8 boneless chicken thighs
2 Tbsp oil
3 rashers bacon, chopped
100g mushrooms, sliced
1 onion, chopped
1 clove garlic, crushed
2 Tbsp Edmonds standard flour
1 cup liquid chicken stock
¼ tsp mixed herbs
½ cup milk
½ tsp salt
1 cup canned corn kernels, drained
1 sheet Edmonds flaky puff pastry
1 egg yolk
1. Remove skin from chicken. Cut flesh into 2.5 cm cubes.
2. Heat oil in a large saucepan. Add bacon, mushrooms, onion and garlic. Cook until onion is clear. Stir in flour and cook until frothy.

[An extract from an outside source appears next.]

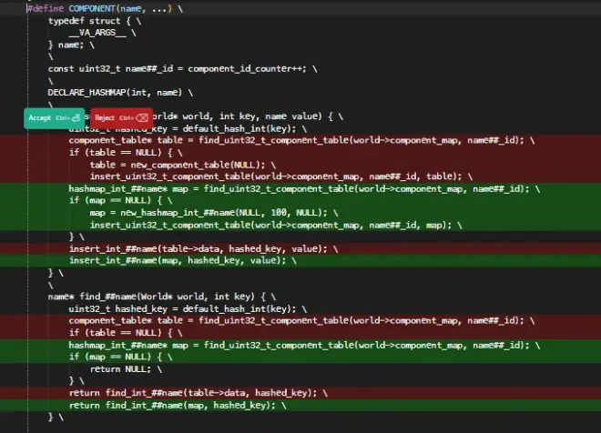 于是,我们让它添加一个extern全局变量存储id,extern uint32_t component_id_counter;(修改不多,就不截图了,专栏一长就开始卡,打个字都需要几秒钟),将常量后面的__counter__换成了这个变量的++(注意,虽然xx++在c++现在是ub,但在c中还是原来的那种效果,话说回来C++岂不是......)

3. Gradually add stock and bring to the boil. Add chicken, herbs, milk, salt and pepper to taste. Reduce heat and cook gently for 20 minutes or until juices run clear when tested, stirring occasionally. Stir in corn. Remove from heat and allow to cool.
4. Preheat the oven to 220˚C. Pour chicken mixture into a 20cm pie dish. Brush edge of dish with water.
5. On a lightly floured board cut pastry to a circle large enough to fit top of pie dish. Carefully place pastry over filling. Press edges firmly to seal, then trim. Decorate pie with pastry trimmings if desired. Cut steam holes in centre of pastry top. Brush pastry with egg yolk.
6. Bake for 20 minutes or until pastry is golden and well risen.